# new 5x5x5 tutorials



## caseyd (May 23, 2011)

Part 1 centers
http://www.youtube.com/watch?v=IneQZ2dmwHg
part 2
http://www.youtube.com/watch?v=Kqod_U6iSjw
Part 3
http://www.youtube.com/watch?v=9rIf61cmQIA
hope you liked them some of my first youtube videos


----------



## Robert-Y (May 23, 2011)

Do you think your tutorial is better than other tutorials already on youtube? If so, why?


----------



## emolover (May 23, 2011)

That was mediocre at best. You have to make it so someone who is retarded can understand this. You should have put algorithms and done things in more of a step by step way rather then an "I dont want to explain this so you guys just have to figure it out" way. Also use jump cuts so you don't have to do it in one shot.


----------



## Pandadudex96 (Jun 2, 2011)

I agree with Robert  

The video was great and all but like "emolover" said.. maybe jump cuts wouldn't do so much harm but would let the viewer actually learn and not get confused with what your telling them. I had no problem understanding but the beginners would just quit the video. No offence. I like how your description box is so organized and that you've added links .... Yea I'm kind of a noob on youtube but good job!!! keep it up


----------



## Me (Jun 2, 2011)

Robert-Y said:


> Do you think your tutorial is better than other tutorials already on youtube? If so, why?


Don't answer that, it probably is, don't worry. I didn't watch it but it's probably awesome. Sure they may be mediocre, but hey at least you're putting stuff out there, keep following your passions and what you want to do, don't listen to the hacks and bashers. You may start low, but so does everyone, learn from your mistakes and in due time you'll be making the GREATEST TUTORIALS ON YOUTUBE!!!


----------



## Kirjava (Jun 2, 2011)

Me said:


> in due time you'll be making the GREATEST TUTORIALS ON YOUTUBE!!!


 
Which will still be atrocious. 

Robert; Funny seeing this thread after what we were saying yesterday.


----------



## Me (Jun 12, 2011)

Kirjava said:


> Which will still be atrocious.



You can't please everyone especially cubers.
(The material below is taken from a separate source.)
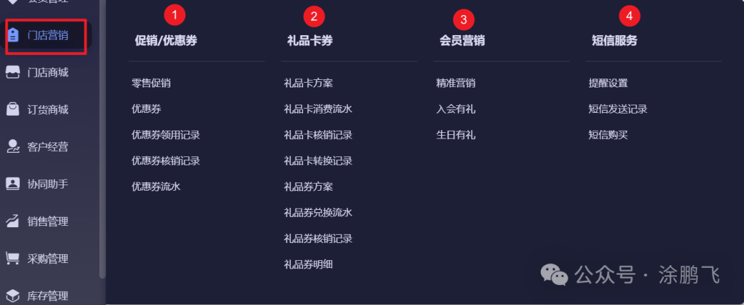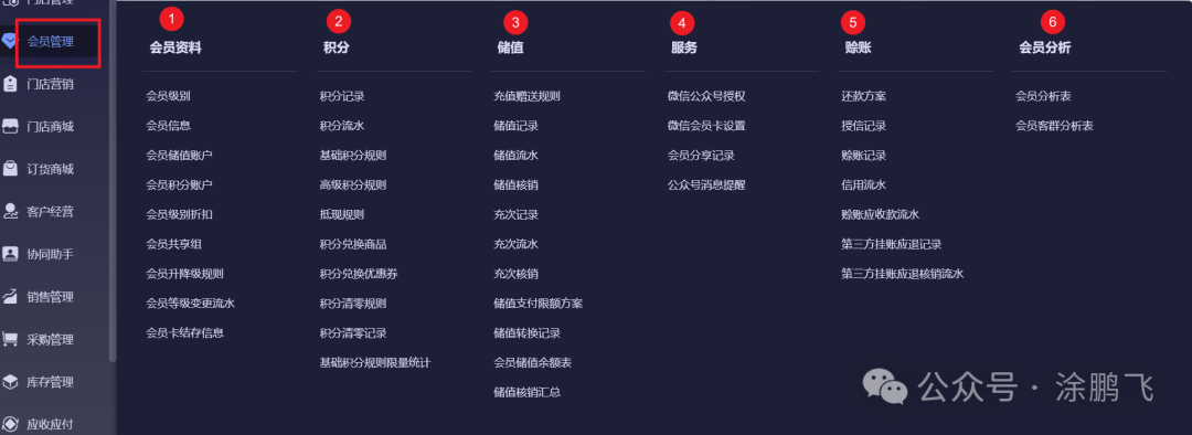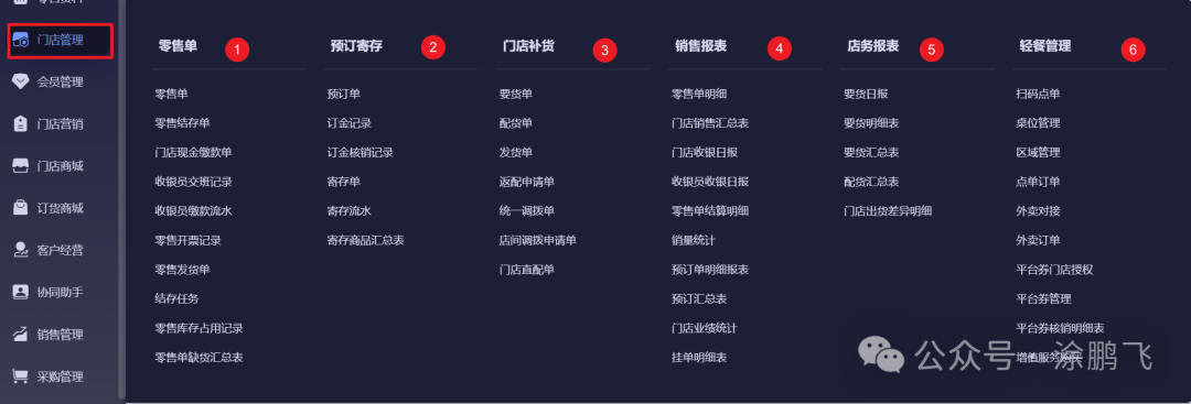 接下来,我将带领大家去查看金蝶云星辰旗舰版各个功能菜单的去全貌。 快捷应用![]() 快捷应用提供了我的收藏、增值服务、生态服务功能。其中我的收藏可以将常用的功能收藏于此,后续可以通过此链接直接快速进行对应的功能页面。 老板看板![]() 老板看板主要提供了利润分析和资金分析这两块针对小型企业非常重要的功能,小型企业一般处于发展阶段,主要为赚取利润为主,同时要保证现金流的正常。 门店管理![]() 门店管理的功能非常丰富,有零售单、预计寄存、门店补货、销售报表、店务报表、轻餐管理者几大核心功能子模块。 ①零售单:负责门店零售业务,包含零售单、结存单,管理现金缴款、收银员交接班及开票、发货等,是门店销售的核心操作入口。 ②预订寄存:管理预订与寄存业务,涵盖预订单、订金记录及核销,同时处理寄存单、流水与商品汇总,还支持门店直配,支撑门店预订类服务。 ③门店补货:统筹门店补货流程,包含要货单、配货单、发货单,支持返配申请、统一调拨及店间调拨,保障门店库存补给高效。 ④销售报表:统计门店销售数据,含零售单明细、销售汇总表、收银日报、销量统计等,还能跟踪预订单与挂单,助力销售进度监控。 ⑤店务报表:记录门店后勤数据,涵盖要货日报、明细 / 汇总表、配货汇总表及出货差异明细,辅助门店补货与库存管理的复盘。 ⑥轻餐管理:支撑轻餐类门店运营,包含扫码点单、桌位 / 区域管理,对接外卖订单,同时管理平台券授权、核销及增值服务购买,适配轻餐场景需求。 金蝶云星辰门店管理模块从零售、预订、补货,到销售统计、店务记录、轻餐运营,构建了门店全场景管理体系,保障门店日常运营高效有序。 会员管理![]() 会员管理是金蝶云星辰系统中提升客户粘性与运营效率的重要模块。 ①会员资料:管理会员核心信息,包含会员级别、信息、储值 / 积分账户,同时配置级别折扣、共享组、升降级规则,是会员管理的基础信息载体。 ②积分:运营会员积分体系,涵盖积分记录、流水,可设置基础 / 高级积分、抵现、清零规则,支持积分兑换商品 / 优惠券,实现积分的全流程管控。 ③储值:管理会员储值业务,包含充值赠送规则、储值记录 / 流水 / 核销,同时支持充次、储值支付限额、储值转换,助力储值类会员权益的精细化运营。 ④服务:支撑会员增值服务,涵盖微信公众号授权、会员卡设置,记录会员分享信息,同时配置公众号消息提醒,提升会员服务体验。 ⑤赊账:管理会员信用赊账,包含还款方案、授信 / 赊账记录、信用流水,同时跟踪第三方挂账的应收与核销,规范会员信用交易。 ⑥会员分析:提供会员数据洞察,含会员分析表、客群分析表,助力评估会员结构与行为,辅助会员运营策略优化。 金蝶云星辰会员管理模块从资料管理、积分储值,到服务、赊账、数据分析,构建了会员全维度管理体系,提升会员运营效率与粘性。 门店营销![]() 门店营销是围绕线下实体门店展开的一系列推广与销售活动,核心是吸引客流、提升到店转化率与复购率,金蝶云星辰门店营销主要包含以下: ①促销 / 优惠券:管理零售促销与优惠券,涵盖优惠券的领、核、销全流程,同时记录优惠券流水,是门店短期促销的核心工具。 ②礼品卡券:运营礼品卡券业务,包含礼品卡 / 券方案设置,以及消费、核销、转移等流水记录,助力卡券类营销的精细化管理。 ③会员营销:开展会员精准运营,提供精准营销、入会有礼、生日有礼等功能,通过个性化福利提升会员粘性。 ④短信服务:支撑营销消息触达,可配置提醒设置,记录短信发送轨迹,同时支持短信购买,助力营销信息的及时推送。 金蝶云星辰门店营销模块从促销工具、卡券运营、会员维护到消息触达,构建了门店全维度营销体系,提升门店获客与留客能力。 门店商场![]() 门店商场模块主要是针对企业有大量门店管理的业务设计开发的。聚焦门店线上商城的运营管理:涵盖商品资料与分组管理,可配置商城首页方案、配送规则及整体商城参数;支持商城订单处理,能设置时段限量销售,管理运费模板,同时可维护小程序发货信息。 订货商城![]() 订货商场是面向经销商、零售商等 B 端客户的线上订货交易平台,连接品牌方或供应商与下游渠道。主要包含以下功能清单: ①订货管理:负责订单全流程操作,包含订单确认、支付记录、订单优惠,同时管理运费模板、自提点等,处理到货签收、商品限购与支付退款,是订货业务的执行入口。 ②商城管理:配置商城基础功能,涵盖搭建指南、系统配置、页面方案、小程序 / 公众号设置,还能管理支付与消息提醒,是商城运行的基础支撑。 ③商品管理:管理商城商品信息,包含商品列表、分类、品牌,同时配置客户价格策略,支撑商品的线上展示与定价。 ④客户管理:维护商城客群,涵盖客户列表、等级管理、潜在客户及用户管理,同时设置登录限制,实现客群的分层运营。 ⑤营销:开展商城推广活动,包含批发促销、优惠券、在线推广、小程序直播等,助力提升商城订单转化。 ⑥积分:管理客户积分体系,涵盖积分账户、设置、规则、抵扣及记录,通过积分激励增强客户粘性。 金蝶云星辰订货商场模块从订货执行、商城配置到商品、客户、营销、积分管理,构建了线上订货商城的全流程运营体系。 客户经营![]() 客户经营模块,其实类似与一个简易版的CR

I reiterate: don't listen to the hacks and bashers.


----------



## uberCuber (Jun 24, 2011)

I am going through your center video once now, and I will write down my thoughts as I go.

1:22 "first finding a center with a 1x2"
This will not automatically get you the easiest/best center to solve. It is often best to look at 1x2 blocks elsewhere on the cube (blocks of "edges" and "corners"). There's really no set method for finding a low movecount first center

1:50 "that gives me a 1x2 block"
it's a 2x2 block

2:34 why the frick did you use a slice move to insert the last bar on the first center?

You wait until 3:38 to explain that you "can't just leave it there" while solving the 2nd center, but you had already solved a piece of the 2nd center before that; shouldn't you have explained it then?

5:57 Protip: r U' r U2 r2 instead of all those moves you did

6:30-ish. Here is how I would solve that Last 2 Centers: U r' F2 r F U' r U' r' U r U2 r'. Several moves less than yours. I really have no idea what you were even trying to do, I saw a lot of wasted moves.

6:55 This one doesn't make that big a difference, but I have to point out that commutators are not necessary here; two centers can be swapped quite intuitively with Sune type stuff.
Your solution: F' U2 r U' l' U r' U' l
My solution: U2 r U' r' U' r U2 r
Yours is one move longer (in HTM), and is 4-gen, while mine is 2-gen.


Will go through your edge video soon


----------



## Kirjava (Jun 24, 2011)

Me said:


> You can't please everyone especially cubers. I reiterate: don't listen to the hacks and bashers.


 
I'm sick of seeing inaccurate tutorials on youtube.

I've seen people asking for help with how to learn a method so they can make a tutorial on it. 

Cubing tutorials on youtube are just generally poor quality. There are exceptions, but they're made by people who know what they're talking about.

You might be appealing to a different demographic, but this is no excuse for spreading misinformation.


----------



## vcuber13 (Jun 24, 2011)

so you made a tutorial and you arnt sub 3?


----------



## cyoubx (Jun 24, 2011)

vcuber13 said:


> so you made a tutorial and you arnt sub 3?


 
That doesn't matter. Dan Brown's not sub 1, now is he?


----------



## Vinny (Jun 24, 2011)

cyoubx said:


> That doesn't matter. Dan Brown's not sub 1, now is he?


 
But a sub 3 solver will most likely know a lot more tricks and tips than a sup 3 solver, plus they most likely have a better understanding. Would you rather learn how to solve a cube from Dan Brown or Feliks?


----------



## cyoubx (Jun 24, 2011)

Vinny said:


> But a sub 3 solver will most likely know a lot more tricks and tips than a sup 3 solver, plus they most likely have a better understanding. Would you rather learn how to solve a cube from Dan Brown or Feliks?


 
It was never clear who his audience was. I can only assume he's making it for people less experienced than himself (an obvious assertion). Therefore, he's making it for beginners, right? If I were a beginner, I'd probably watch Dan's video over Feliks'.


----------



## uberCuber (Jun 24, 2011)

cyoubx said:


> If I were a beginner, I'd probably watch Dan's video over Feliks'.


 
This is just because Feliks' suck, and he knows. If he were to take the time to make a good tutorial for beginners...I'm pretty sure he has a bit more to offer than Dan.
If I was a beginner, I'm pretty sure I would rather be taught by someone who is an experienced speedcuber over someone who is considered very slow. And as for this thread, why would I want to learn how to speedsolve a 5x5 from someone who is in the _bottom half_ in the world?


----------